■ Task material ■

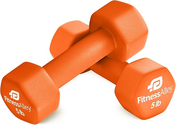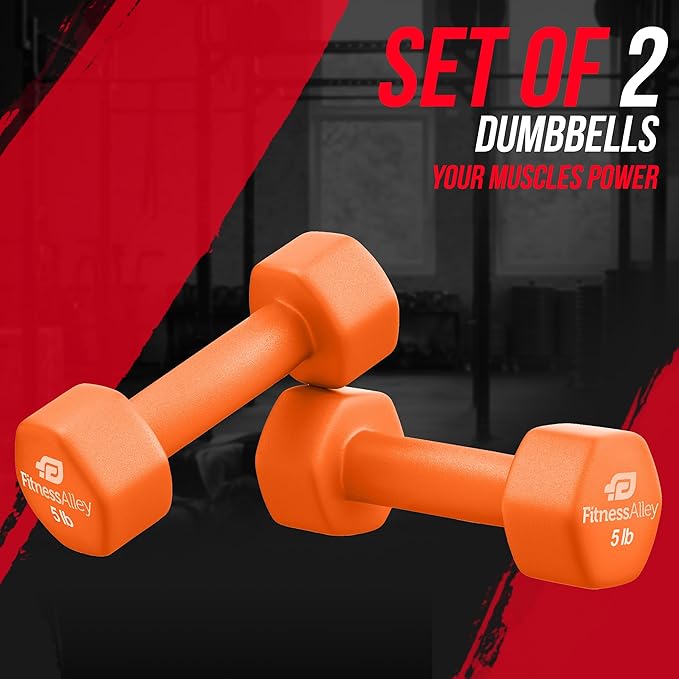 - The box includes 2 Dumbbells that comes in 5LB Size and Orange Color. Construction is of cast iron, which is of superior quality along with neoprene gripping that allows lifting of heavyweights simpler and easier
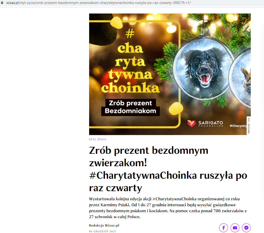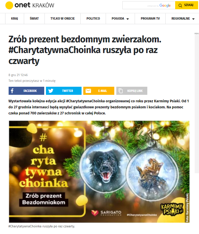 Święta to czas, kiedy obdarowujemy prezentami najbliższych. Pod opieką Karmimy Psiaki przebywa niemal 2000 Psiaków i Kociaków. One nie mają nikogo bliskiego, a te Święta spędzą w schroniskowym boksie. Chcemy przynajmniej trochę umilić im ten czas i wysyłać jak najwięcej prezentów pod choinkę.
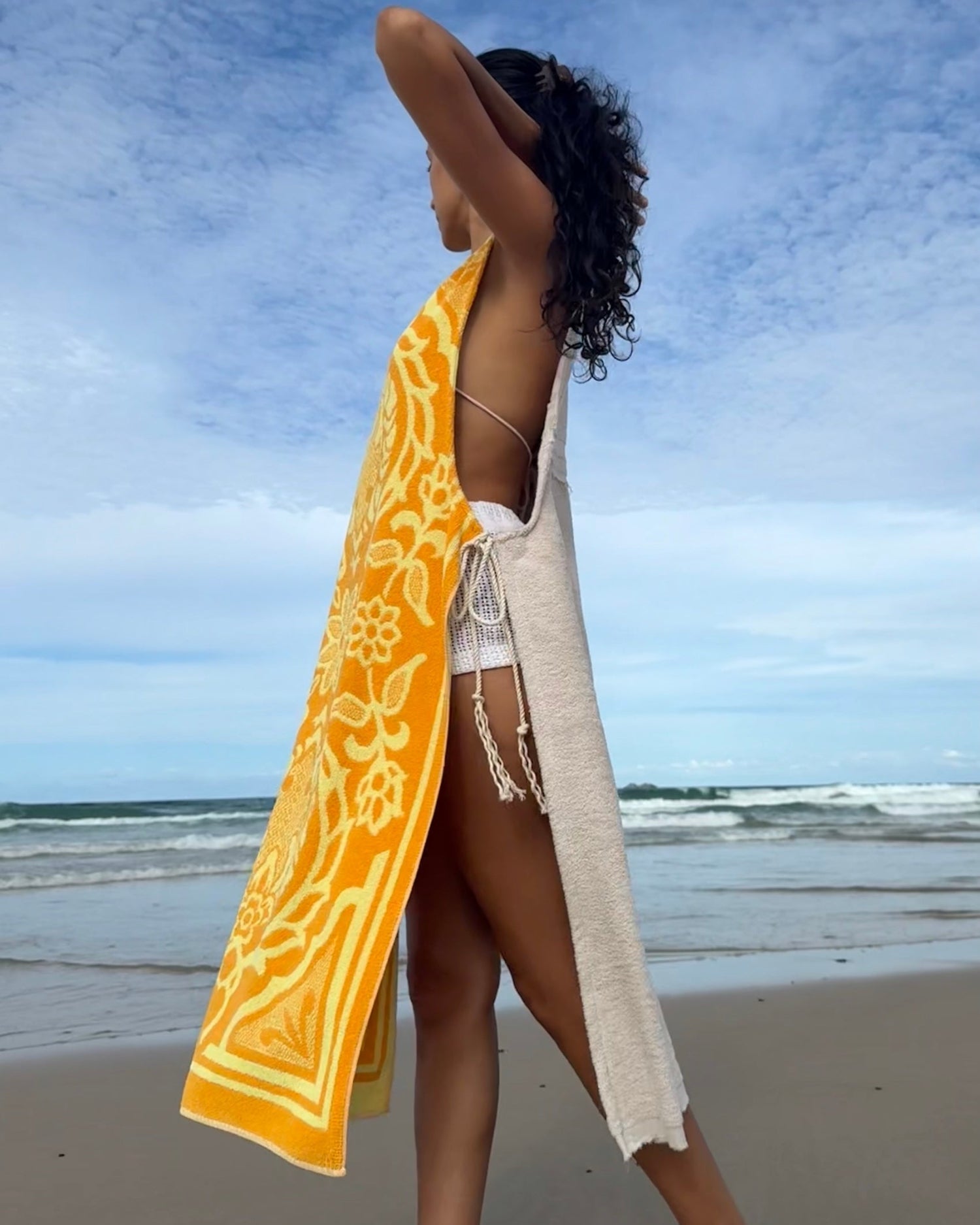 One-of-a-kind reworked vintage towel dress/coverup. Made from Rare Vintage mid century 100% cotton. The back is made using NOS sand double back towelling. Open at sides with recycled cord ties with cowrie shells. Double turned edges, so can be worn reversed. These quality towels are heavier- dress weight 650 grams
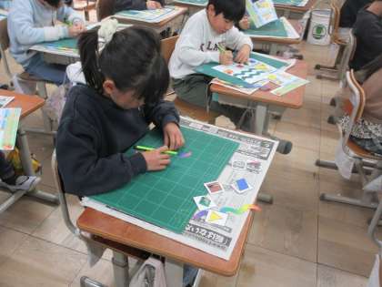 カッターを使って、真っ直ぐな線や曲がった線を切りました。
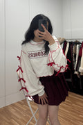 Sweat da mochy curta com laços nas mangas, super giro e confortável.
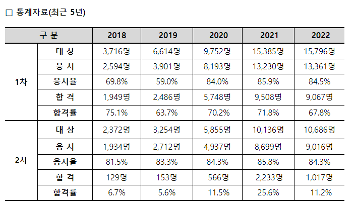 올해 시험까지는 아직 합격률이 발표되지는 않았습니다. 작년 시험은 1차는 67%합격률로 꽤나 높았고 2차는 11.2%였습니다. 합격률은 매년 올라가거나 내려가기를 반복하고 있습니다.

■ Exercise details ■
Reproduce nothing but the lines from the line containing "カッターを使って、真っ直ぐな線や曲がった線を切りました。" through the last line of the data above, exactly as written and without pictures.

■ Answer box ■
 カッターを使って、真っ直ぐな線や曲がった線を切りました。
 Sweat da mochy curta com laços nas mangas, super giro e confortável.
 올해 시험까지는 아직 합격률이 발표되지는 않았습니다. 작년 시험은 1차는 67%합격률로 꽤나 높았고 2차는 11.2%였습니다. 합격률은 매년 올라가거나 내려가기를 반복하고 있습니다.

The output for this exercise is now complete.